Eric Blake wrote:
On 06/20/2012 03:07 PM, Jim Fehlig wrote:
I'm looking into a libvirtd deadlock on daemon shutdown. The deadlock occurs when shutting down virNetServer. If the handling of a job is in flight in virNetServerHandleJob(), the virNetServer lock is acquired when freeing job->prog (src/rpc/virnetserver.c:167). But the lock is already held in virNetServerFree(), which is blocked in virThreadPoolFree() waiting for all the workers to finish. No progress can be made.
The attached hack fixes the problem, but I'm not convinced this is an appropriate fix. Is it necessary to hold the virNetServer lock when calling virNetServerProgramFree(job->prog)? I notice the lock is not held in the error path of virNetServerHandleJob().

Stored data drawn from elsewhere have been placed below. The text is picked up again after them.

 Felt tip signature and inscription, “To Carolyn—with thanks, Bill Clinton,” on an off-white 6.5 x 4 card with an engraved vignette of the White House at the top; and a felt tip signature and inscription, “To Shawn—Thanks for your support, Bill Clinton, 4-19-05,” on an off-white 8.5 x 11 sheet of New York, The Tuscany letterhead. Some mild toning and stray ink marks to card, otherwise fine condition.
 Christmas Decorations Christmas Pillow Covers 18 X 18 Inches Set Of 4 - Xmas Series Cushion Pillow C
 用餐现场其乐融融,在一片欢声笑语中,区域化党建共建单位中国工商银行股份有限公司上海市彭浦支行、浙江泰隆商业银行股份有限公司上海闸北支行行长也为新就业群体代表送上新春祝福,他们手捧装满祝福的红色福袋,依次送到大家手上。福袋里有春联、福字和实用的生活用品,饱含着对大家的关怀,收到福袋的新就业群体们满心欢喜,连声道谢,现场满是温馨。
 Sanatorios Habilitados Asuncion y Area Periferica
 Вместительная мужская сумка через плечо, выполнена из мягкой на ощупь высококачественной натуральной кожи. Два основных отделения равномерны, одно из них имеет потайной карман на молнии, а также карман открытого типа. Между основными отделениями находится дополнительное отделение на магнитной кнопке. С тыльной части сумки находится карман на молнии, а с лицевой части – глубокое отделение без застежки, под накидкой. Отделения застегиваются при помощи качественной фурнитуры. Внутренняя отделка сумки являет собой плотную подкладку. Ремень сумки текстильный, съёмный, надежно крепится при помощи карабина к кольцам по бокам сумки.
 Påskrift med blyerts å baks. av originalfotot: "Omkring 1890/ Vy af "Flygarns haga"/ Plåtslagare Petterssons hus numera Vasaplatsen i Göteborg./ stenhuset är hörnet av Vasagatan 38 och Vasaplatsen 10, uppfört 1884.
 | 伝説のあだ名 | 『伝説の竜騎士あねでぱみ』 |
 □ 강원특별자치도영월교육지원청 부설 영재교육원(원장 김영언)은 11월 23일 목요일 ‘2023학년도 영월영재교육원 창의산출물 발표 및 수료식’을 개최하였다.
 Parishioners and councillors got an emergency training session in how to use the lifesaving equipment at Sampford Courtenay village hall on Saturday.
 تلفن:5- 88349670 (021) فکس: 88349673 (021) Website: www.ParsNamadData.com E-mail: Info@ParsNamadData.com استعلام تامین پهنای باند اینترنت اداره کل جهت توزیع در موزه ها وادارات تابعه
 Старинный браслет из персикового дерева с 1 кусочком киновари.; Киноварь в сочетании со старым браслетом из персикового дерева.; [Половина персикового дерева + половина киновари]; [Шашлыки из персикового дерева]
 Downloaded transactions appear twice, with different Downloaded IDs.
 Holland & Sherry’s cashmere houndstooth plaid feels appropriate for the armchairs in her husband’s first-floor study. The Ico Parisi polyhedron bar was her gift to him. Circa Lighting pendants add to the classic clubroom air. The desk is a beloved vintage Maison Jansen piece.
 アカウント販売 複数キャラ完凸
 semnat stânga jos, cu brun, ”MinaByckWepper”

+++ b/src/rpc/virnetserver.c @@ -774,7 +774,9 @@ void virNetServerFree(virNetServerPtr srv) for (i = 0 ; i < srv->nservices ; i++) virNetServerServiceToggle(srv->services[i], false);
+ virNetServerUnlock(srv); virThreadPoolFree(srv->workers); + virNetServerLock(srv);
As written, this can't be right, because it reads a field of srv outside the locks. But maybe you meant:
<type> tmp = srv->workers; srv->workers = NULL; virNetServerUnlock(srv); virThreadPoolFree(tmp); virNetServerLock(srv);
as a possible fix that doesn't violate the safety rules of reading fields from srv outside a lock.
Perhaps, but it _currently_ appears srv->workers is only set in virNetServerNew(), which is called when libvirtd starts. I suppose that could change in the future, causing a bug as I wrote it.
I hope danpb chimes in on this one, as he is more of an expert when it comes to the locking rules in virnet*.
Agreed. I think there is a better fix here. Thanks, Jim